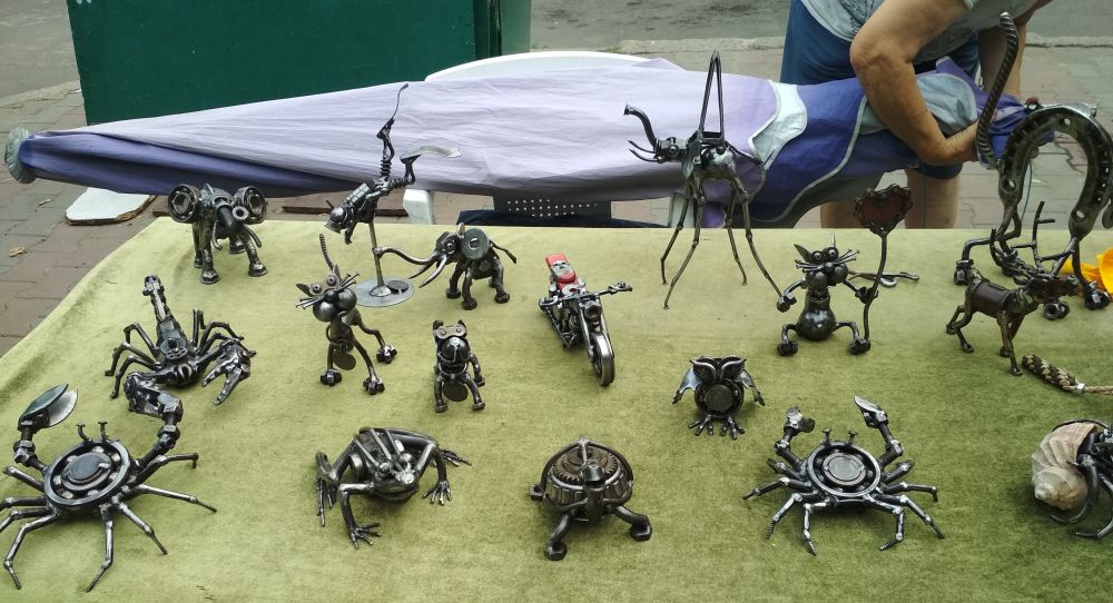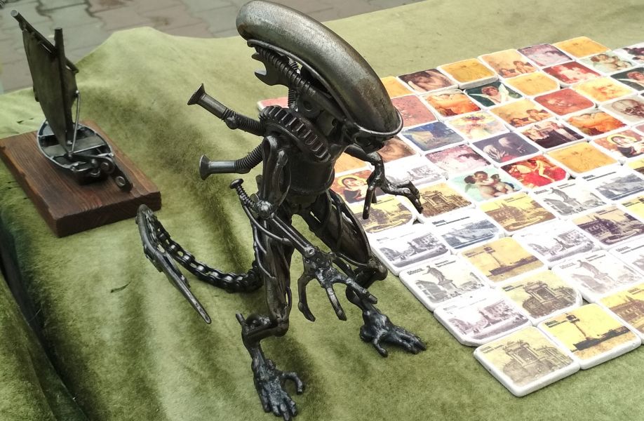 Вот такой ксеноморфик из “Чужого”, сваренный из подшипников, шестерней и правильных рук автора, по словам хозяйки, стоит “пять”. Но не долларов, евро или башмаков, а гривен и тысяч. Конечно, торги никто не отменял. Это же Одесса...
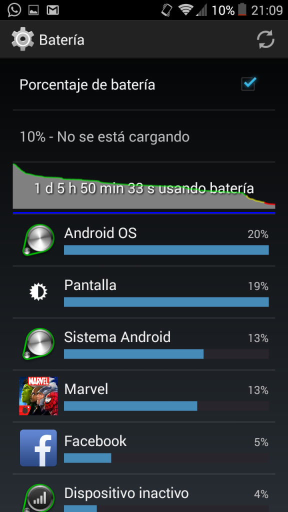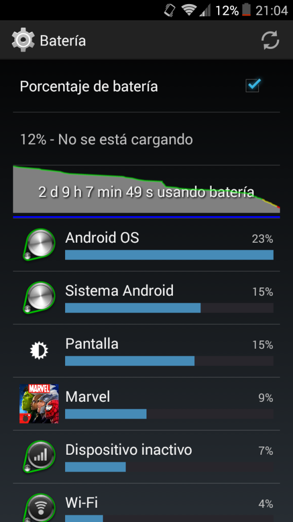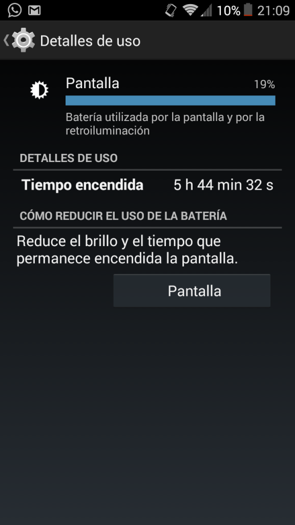 La batería también ha «sufrido» un incremento en su capacidad, llegando hasta los 2850mAh. Parece que los 2500mAh que acompañaban a los anteriores E5 no eran suficientes, por lo que bq ha optado en aumentar la batería, que además, junto con el procesador Qualcomm, llega a tener una de las mejores autonomías que hemos podido tener en Droid Panic, llegando hasta los dos días de autonomía con un uso moderado, o con un uso algo más intensivo a pasar el día tranquilamente (jugando y demás) con casi 6 horas de pantalla activa, aunque uno de los días nos llegó ha hacer hasta 7 horas. Un monstruo.
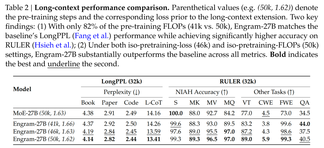 - 极端设置(约 82% 计算量):即使是提前停止训练的 Engram-27B(41k 步),在面对完整训练的 MoE-27B(50k 步)时依然极具竞争力。它在 LongPPL 指标上与基准持平,并在 RULER 测试中实现超越,这充分证明了 Engram 架构的内在优越性。
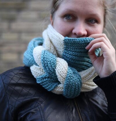 The cowl is worked flat in two pieces, then braided and seamed together. No previous experience with brioche is necessary, as everything is explained in the pattern.
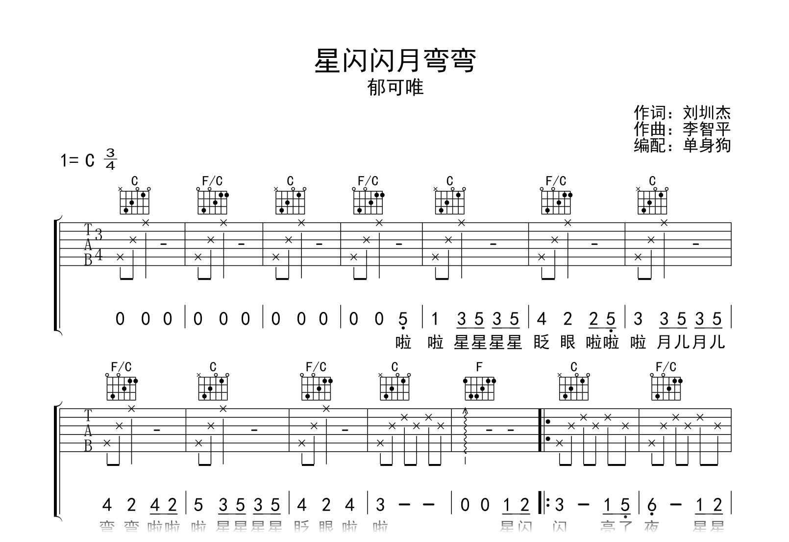 星闪闪月弯弯吉他谱 - 郁可唯 - C调吉他弹唱谱
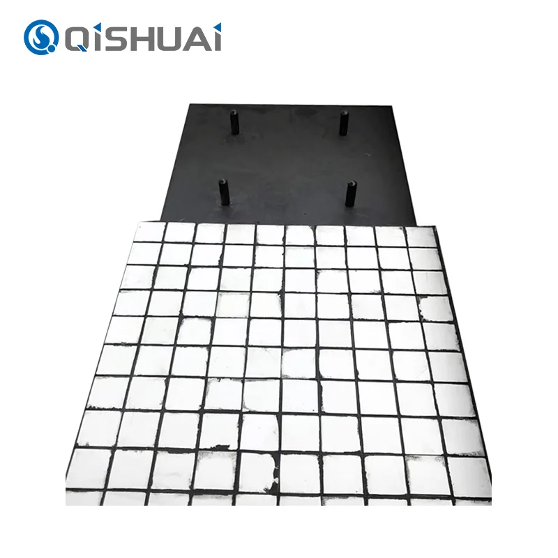 熱加硫によりセラミック、ゴム、鋼板を強固に接着し、強固な一体構造を形成します。各セラミックタイルは底部の鋼板を貫通する貫通ボルトを備えており、しっかりと溶接されているため、使用中にセラミックが剥離することはありません。
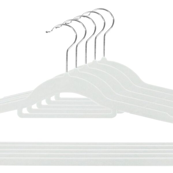 Wieszaki welurowe idealne do szafy, garderoby czy też ekspozycji odzieży. Wieszaki wykonane są z plastiku, pokryte są w całości bardzo miłym w dotyku welurem. Ich aksamitna powierzchnia zapobiega zsuwaniu się ubrań, a właściwe wyprofilowanie sprawia, że tkaniny nie ulegają deformacji. Wieszaki posiadają metalowy haczyk.
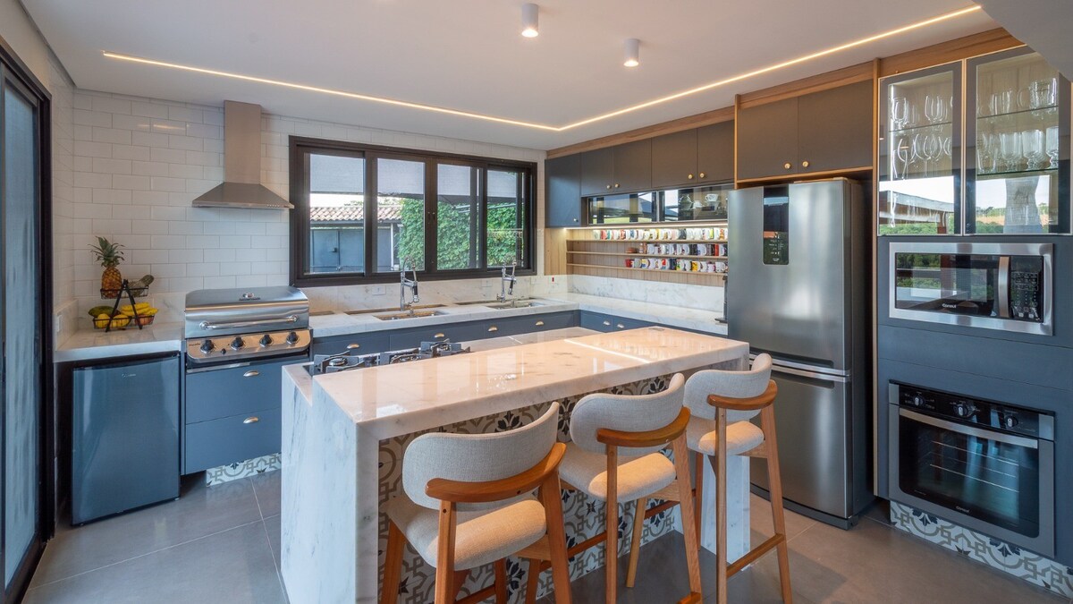 Uma experiência que proporciona exclusividade e requinte para você e seus amigos/familiares, tanto no verão quanto no inverno. Sabe aquele clima de montanha, com uma casa totalmente equipada pro seu conforto aqui você pode encontrar. Inclusive com um mezanino com projetor para momentos de descanso e relaxamento com acesso ao seu streaming favorito. Sao 3 suites com cama de casal, ar condicionado, persianas automatizadas. A cozinha é um convite e a vista é uma experiencia a parte..
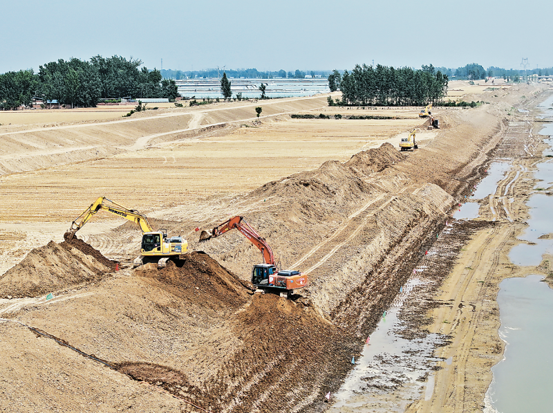 6月11日,在我市城市排水防涝体系重点工程——东鱼河北支治理项目(定陶段)施工现场,工程车辆正在有序进行河道疏挖作业。
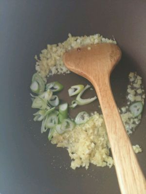 热锅下油,油温升至七十度左右,依次下姜末、蒜末、葱白圈大火快炒。
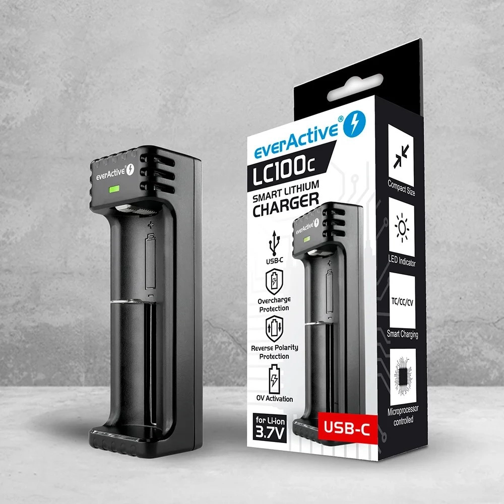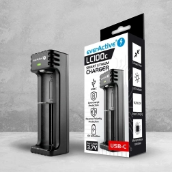 Încărcătorul EverActive LC100C este un dispozitiv fiabil și simplu pentru încărcarea unei singure baterii. Este echipat cu un microprocesor pentru controlul procesului de încărcare și oferă un curent de încărcare ridicat de până la 1000 mA.
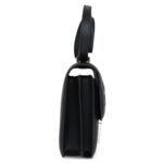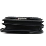 The interior is lined in luxurious Black Lambskin leather and is thoughtfully organized with two open pockets on the front wall, a removable mirror, a center divide, and a slit pocket on the back wall.
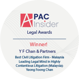 Y F Chan & Partners is honoured to be awarded and shortlisted as one of the best litigation firm in Malaysia by APAC Insider in APAC Legal Awards 2022. Besides, YC is honoured to be added by British Publishing House in the Encyclopedia Book titled Successful People In Malaysia for Fifth Edition.
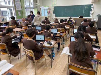 5年生1・2組の授業のようすです。どちら国語で、「手塚治虫」について生き方やどのような人だったかについて考えています。
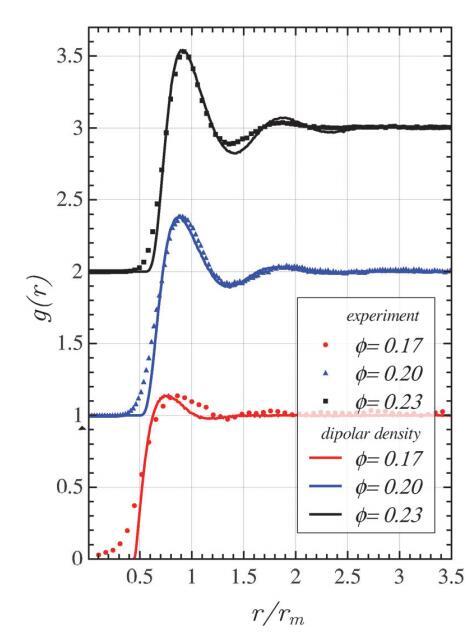圖9使用偶極密度和點偶極相互作用從BD模擬中獲得的徑向分布函數(shù)。選擇點-偶極相互作用強度f p0,使偶極密度模型的相應(yīng)g(rmax)與表2中的參數(shù)相匹配。當(dāng)f=0.17、0.20和0.23時,得到的f p0值分別為3.0、6.6和8.2[kBT/Reff]。為了清晰起見,數(shù)據(jù)已垂直移動。
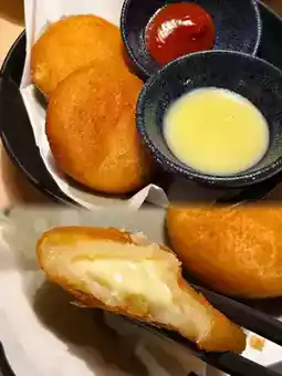 The round and golden French cheesecake has a crispy outer layer and is filled with mashed potatoes and semi-melted cheese sauce. A must-try for cheese lovers!
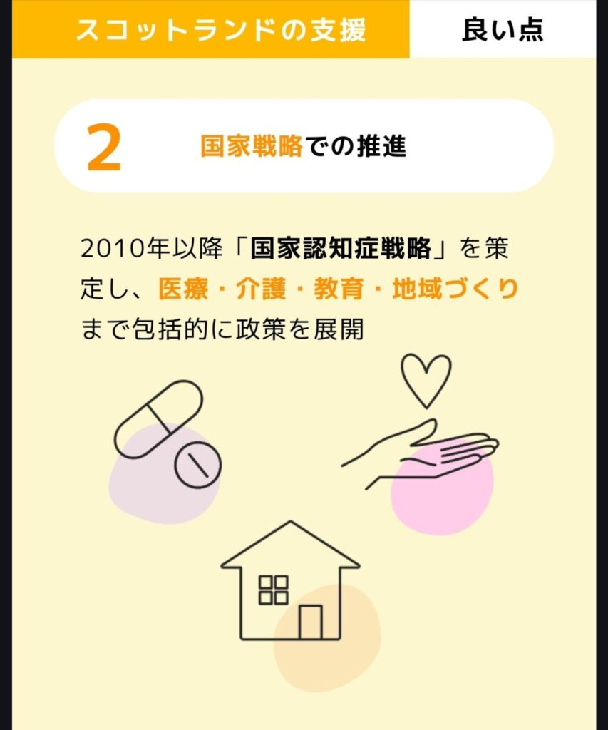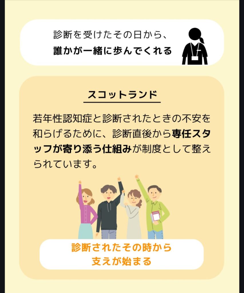 日本では「診断 → 介護保険申請 → サービス利用」という流れが多いですが、スコットランドの取り組みには「診断されたその時から支えが始まる」ヒントがたくさんあります。

#### Exercise details:
The entries above need an exact copy without their pictures.

#### Task solution:
 Вот такой ксеноморфик из “Чужого”, сваренный из подшипников, шестерней и правильных рук автора, по словам хозяйки, стоит “пять”. Но не долларов, евро или башмаков, а гривен и тысяч. Конечно, торги никто не отменял. Это же Одесса...
 La batería también ha «sufrido» un incremento en su capacidad, llegando hasta los 2850mAh. Parece que los 2500mAh que acompañaban a los anteriores E5 no eran suficientes, por lo que bq ha optado en aumentar la batería, que además, junto con el procesador Qualcomm, llega a tener una de las mejores autonomías que hemos podido tener en Droid Panic, llegando hasta los dos días de autonomía con un uso moderado, o con un uso algo más intensivo a pasar el día tranquilamente (jugando y demás) con casi 6 horas de pantalla activa, aunque uno de los días nos llegó ha hacer hasta 7 horas. Un monstruo.
 - 极端设置(约 82% 计算量):即使是提前停止训练的 Engram-27B(41k 步),在面对完整训练的 MoE-27B(50k 步)时依然极具竞争力。它在 LongPPL 指标上与基准持平,并在 RULER 测试中实现超越,这充分证明了 Engram 架构的内在优越性。
 The cowl is worked flat in two pieces, then braided and seamed together. No previous experience with brioche is necessary, as everything is explained in the pattern.
 星闪闪月弯弯吉他谱 - 郁可唯 - C调吉他弹唱谱
 熱加硫によりセラミック、ゴム、鋼板を強固に接着し、強固な一体構造を形成します。各セラミックタイルは底部の鋼板を貫通する貫通ボルトを備えており、しっかりと溶接されているため、使用中にセラミックが剥離することはありません。
 Wieszaki welurowe idealne do szafy, garderoby czy też ekspozycji odzieży. Wieszaki wykonane są z plastiku, pokryte są w całości bardzo miłym w dotyku welurem. Ich aksamitna powierzchnia zapobiega zsuwaniu się ubrań, a właściwe wyprofilowanie sprawia, że tkaniny nie ulegają deformacji. Wieszaki posiadają metalowy haczyk.
 Uma experiência que proporciona exclusividade e requinte para você e seus amigos/familiares, tanto no verão quanto no inverno. Sabe aquele clima de montanha, com uma casa totalmente equipada pro seu conforto aqui você pode encontrar. Inclusive com um mezanino com projetor para momentos de descanso e relaxamento com acesso ao seu streaming favorito. Sao 3 suites com cama de casal, ar condicionado, persianas automatizadas. A cozinha é um convite e a vista é uma experiencia a parte..
 6月11日,在我市城市排水防涝体系重点工程——东鱼河北支治理项目(定陶段)施工现场,工程车辆正在有序进行河道疏挖作业。
 热锅下油,油温升至七十度左右,依次下姜末、蒜末、葱白圈大火快炒。
 Încărcătorul EverActive LC100C este un dispozitiv fiabil și simplu pentru încărcarea unei singure baterii. Este echipat cu un microprocesor pentru controlul procesului de încărcare și oferă un curent de încărcare ridicat de până la 1000 mA.
 The interior is lined in luxurious Black Lambskin leather and is thoughtfully organized with two open pockets on the front wall, a removable mirror, a center divide, and a slit pocket on the back wall.
 Y F Chan & Partners is honoured to be awarded and shortlisted as one of the best litigation firm in Malaysia by APAC Insider in APAC Legal Awards 2022. Besides, YC is honoured to be added by British Publishing House in the Encyclopedia Book titled Successful People In Malaysia for Fifth Edition.
 5年生1・2組の授業のようすです。どちら国語で、「手塚治虫」について生き方やどのような人だったかについて考えています。
圖9使用偶極密度和點偶極相互作用從BD模擬中獲得的徑向分布函數(shù)。選擇點-偶極相互作用強度f p0,使偶極密度模型的相應(yīng)g(rmax)與表2中的參數(shù)相匹配。當(dāng)f=0.17、0.20和0.23時,得到的f p0值分別為3.0、6.6和8.2[kBT/Reff]。為了清晰起見,數(shù)據(jù)已垂直移動。
 The round and golden French cheesecake has a crispy outer layer and is filled with mashed potatoes and semi-melted cheese sauce. A must-try for cheese lovers!
 日本では「診断 → 介護保険申請 → サービス利用」という流れが多いですが、スコットランドの取り組みには「診断されたその時から支えが始まる」ヒントがたくさんあります。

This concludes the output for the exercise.